## [Requirement]
Pictures do not belong in the copy. Output exactly the lines from the one containing "注:1.用户初次了解数据和占" to the end of the listing below.

-.-.-

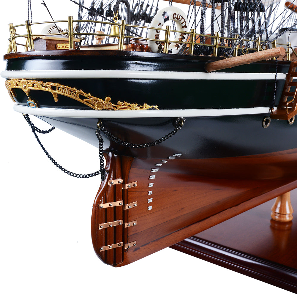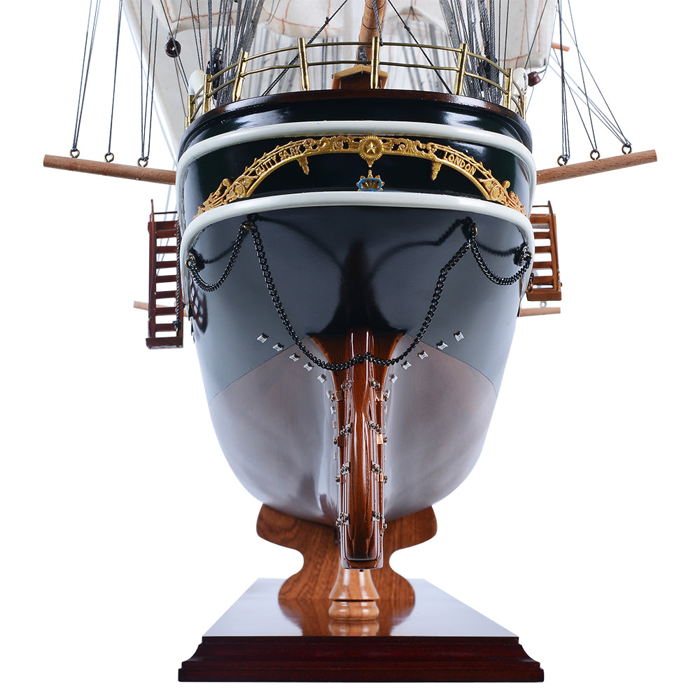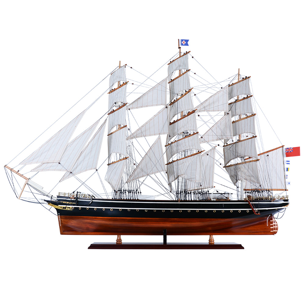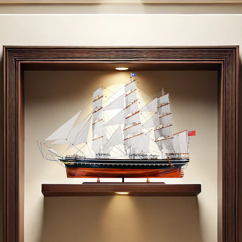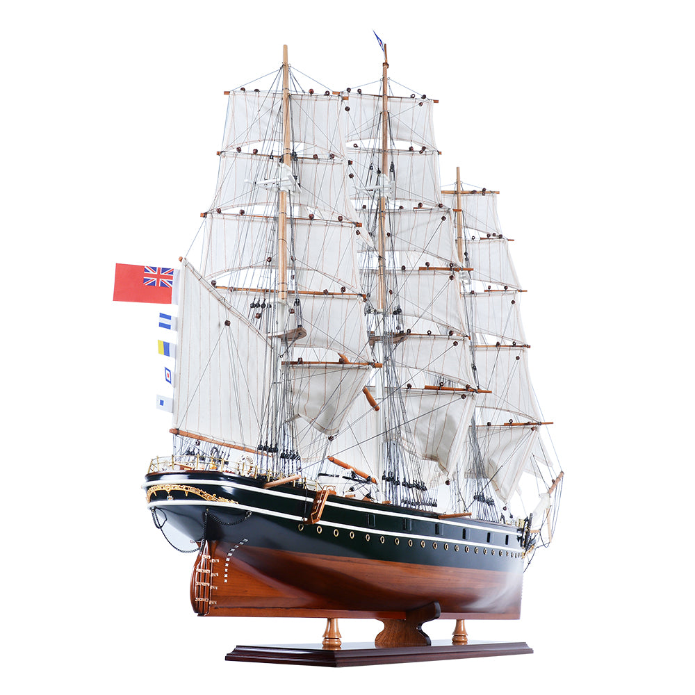 This Cutty Sark Limited Edition model is a museum-quality masterpiece, meticulously handcrafted to reflect the ship’s beauty and engineering with exceptional precision. Built using the traditional plank-on-frame method, the hull combines rich tones of Western Red Cedar, mahogany, and teak, each plank hand-shaped and sanded to achieve a flawlessly smooth, natural finish.
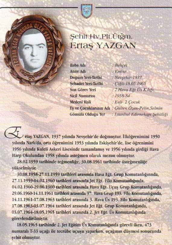 Özgeçmiş: Şehit Hv.Plt.Ütğm. Ertaş Yazgan 1937 yılında Nevşehir'de doğmuştur. İlköğrenimini 1950 yılında Narlı'da, orta öğrenimini 1953 yılında Eskişehir'de, lise öğrenimini 1956 yılında Kuleli Askeri Lisesinde tamamlamış ve 1956 yılında girdiği Hava Harp Okulundan 1958 yılında asteğmen olarak mezun olmuştur.
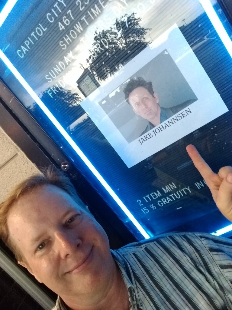I got to see, hear and touch (just a handshake, mind you), professional funnyman and human being Jake Johannsen after participating in, well, just attending, his first show of a four-night stint 8/14-17 at at Capitol City Comedy Club. A couple of friends and I were fortunate enough to see his show again. I wrote about his hilarious stand-up comedy act last year. Some of his material was the same (but just as funny!), and quite a lot was new. Many jokes were laugh til you almost cry funny. One woman even slapped her leg while laughing, and he commented on that, comicly, of course. And then we got to meet and chat after. Very cool. More after the More bar… which I’m told you don’t really see. Never mind.
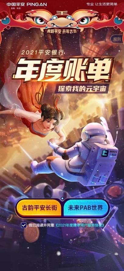 速途元宇宙研究院12月21日訊 近日,平安銀行上線這份2021年年度賬單,本次年度賬單運用了“元宇宙”的概念,刷新了傳統銀行年度賬單的玩法。
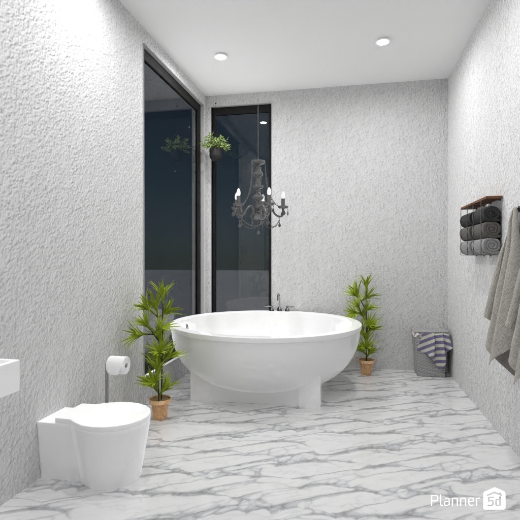 Skapa ett badrum med naturliga material som trä, sten, växter.
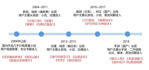 注:1.用户初次了解数据和占比数据来自《20190105克苏鲁用户问卷》,占比=各阶段了解克苏鲁的认知用户数/总认知克苏鲁概念用户数2.部分代表作品的时间归类为模糊归类,例如《沙耶之歌》发布于2003年12月26日,但开始有影响力应该是在2004年以后。
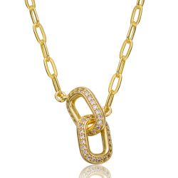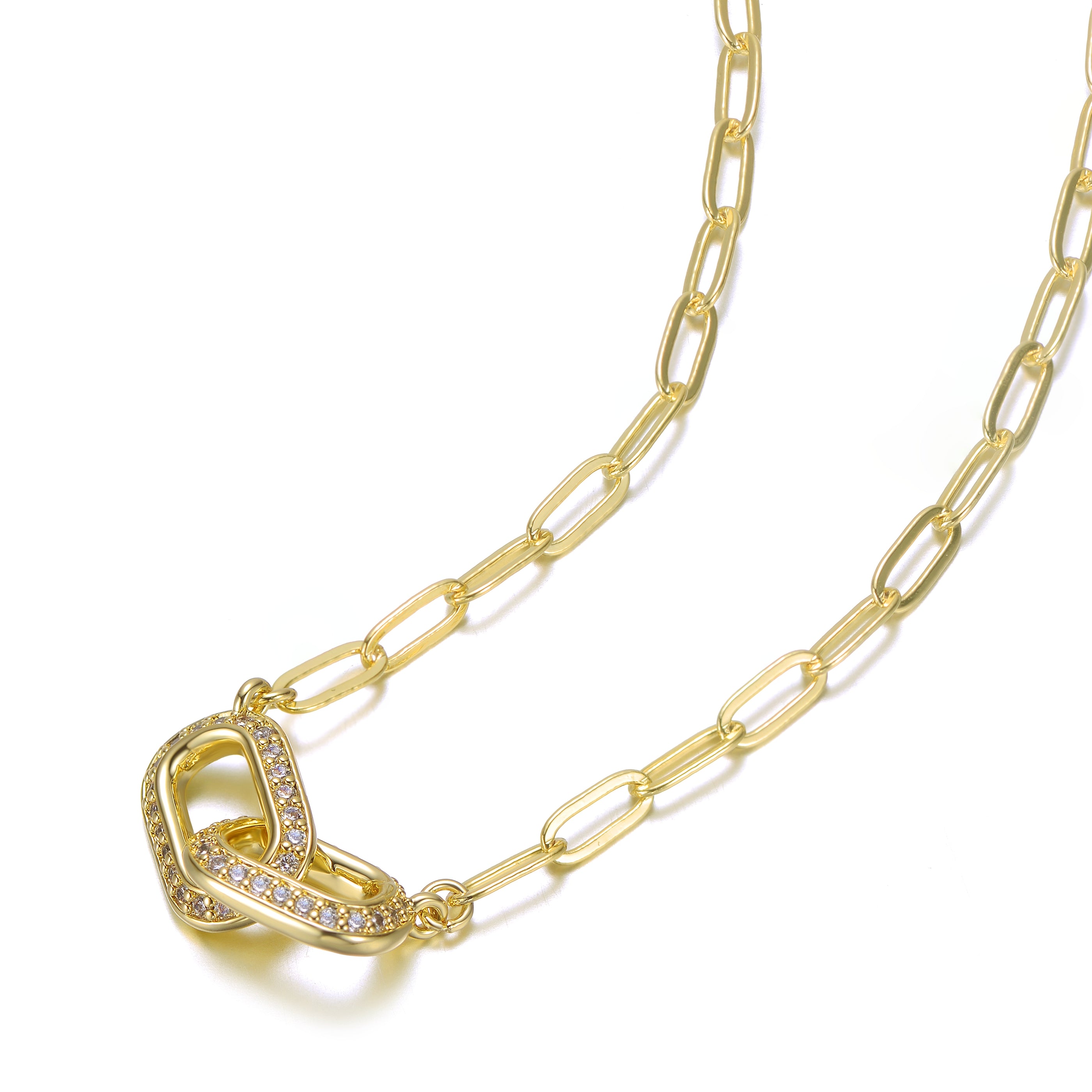 14K Gold Plated Clear Cubic Zirconia Interlocking Links Necklace

-.-.-

## [Exercise answer]
 注:1.用户初次了解数据和占比数据来自《20190105克苏鲁用户问卷》,占比=各阶段了解克苏鲁的认知用户数/总认知克苏鲁概念用户数2.部分代表作品的时间归类为模糊归类,例如《沙耶之歌》发布于2003年12月26日,但开始有影响力应该是在2004年以后。
 14K Gold Plated Clear Cubic Zirconia Interlocking Links Necklace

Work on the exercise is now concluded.